Trendline on RSI indicator and the midline: Classic charting utilizes momentum and trend indicators. You can tell a beginning trader by the numerous technical studies they have on a single chart. It is best to pick one favorite momentum (RSI, stochastic or CCI) and one trend indicator (MACD or DMI). My favorite momentum indicator is the old fashioned RSI. It’s banded by over-bought at 70 and over-sold at 30. It can drag along the top or bottom at these levels depending on the strength of the move. A major benefit of the RSI is the ability to draw support and resistance trendlines on it. As seen in the chart, the RSI broke its supportive trendline prior to the trendline break in price, thus providing either a good filter or actual trade entry.

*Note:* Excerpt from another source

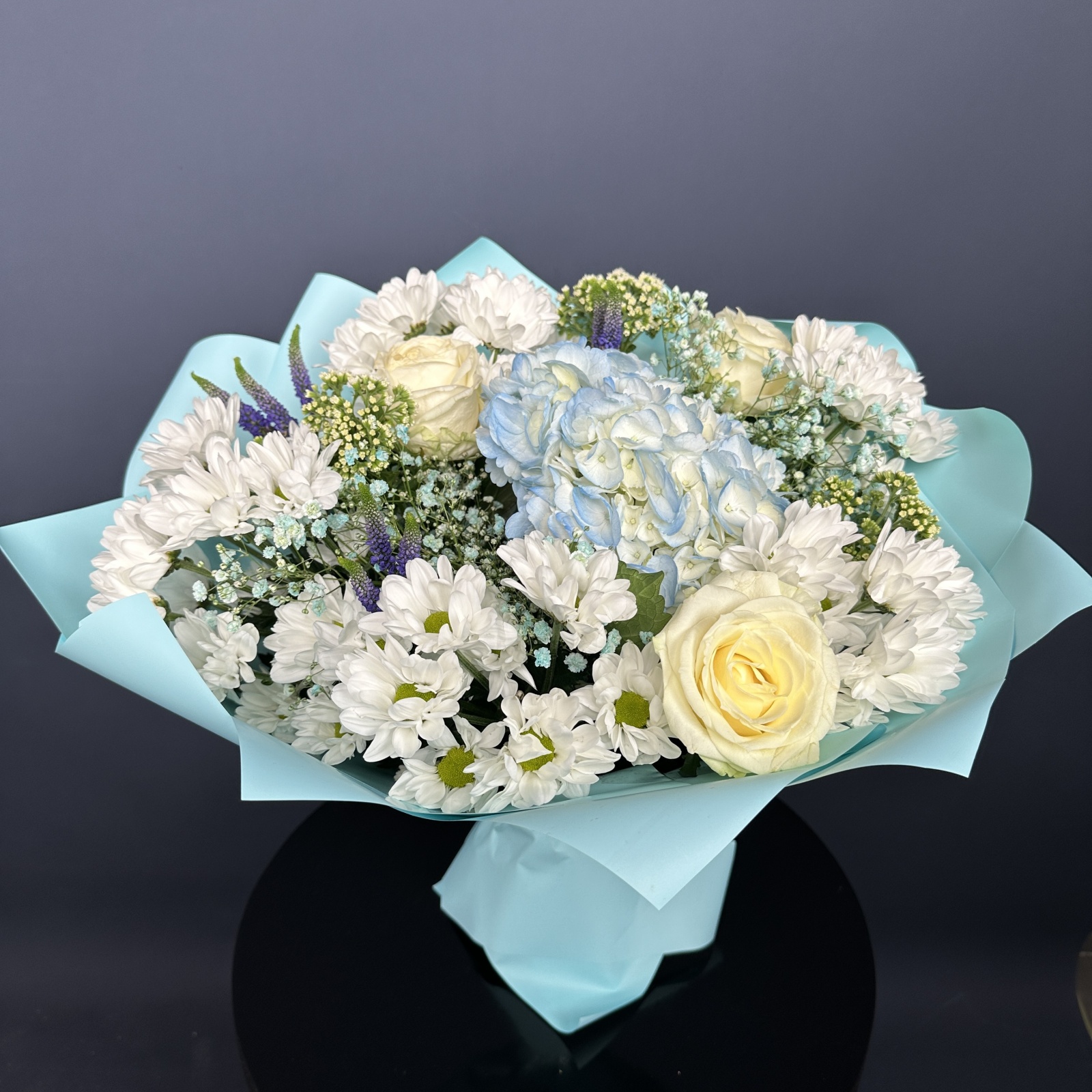 Состав: хризантема кустовая 6, роза 3, альстромерия 3, гортензия 1 и прочее.

A key point of the RSI indicator is the midline at 50; it acts as support or resistance. There are many fake-outs that often occur around this midline. Sometimes the RSI will dip just below 50, causing sell stops or new short positions to be filled. Then suddenly price will rebound. Likewise if crossing above 50, shorts will be covered only to see a resumed downward move. Be attentive when the RSI is near the midline. When the RSI moves staunchly through it, it denotes a change in momentum that makes for a great trade. Using smaller timeframes, 15-minute and 60-minute, can reduce, but not eliminate, fake-outs. These fake-outs wreak havoc on those using RSI midline strategies. RSI signals tend to be stronger when they are confirmed in multiple time frames.

Hand drawn channels: Observe the main trendline in “Breaking it down.” Channel lines equidistant above and below the dominant trendline based on a move away from the main trendline. For example, once a move above the main trendline tops, the upwards channel is drawn and the lower channel also is drawn based on the move away from the mean. The bottom channel, in this case, becomes a price target if price breaks below the main trendline, which it did and traded directly to the projected channel line. Price action loves equal distance moves.

Several momentum and trend indicators hinted at wheat's sharp downward correction that began in February. Click on chart to enlarge.image

"A closer look" shows how wheat broke a dominant trendline and went limit down, 60¢, the next day. Several indicators as illustrated in "Breaking it down," foretold this tumble.

Price broke the 20-day simple moving average but rebounded intra-day off the RSI midline 50 support. Lower lows and the 20-day moving average then became resistance. RSI broke its trendline and the midline at 50. Price closed below the dominant trendline and tumbled to the "measured move" projected channel bottom. It then made another "measured move" down to an even lower hand drawn channel at $7.00. Finally, it reached an oversold RSI of 30 and began forming a bullish MACD divergence where price is lower than the last swing low, while the MACD histogram is a higher low. This made a set-up for a possible buy.

Look for another test of the RSI midline and a move above the 20-day SMA to signal a stronger buy opportunity. The first target would be the orignial bottom channel and the next would be the main trendline broken on Feb. 18.

Layne Hermansen is an individual trader residing in Utah.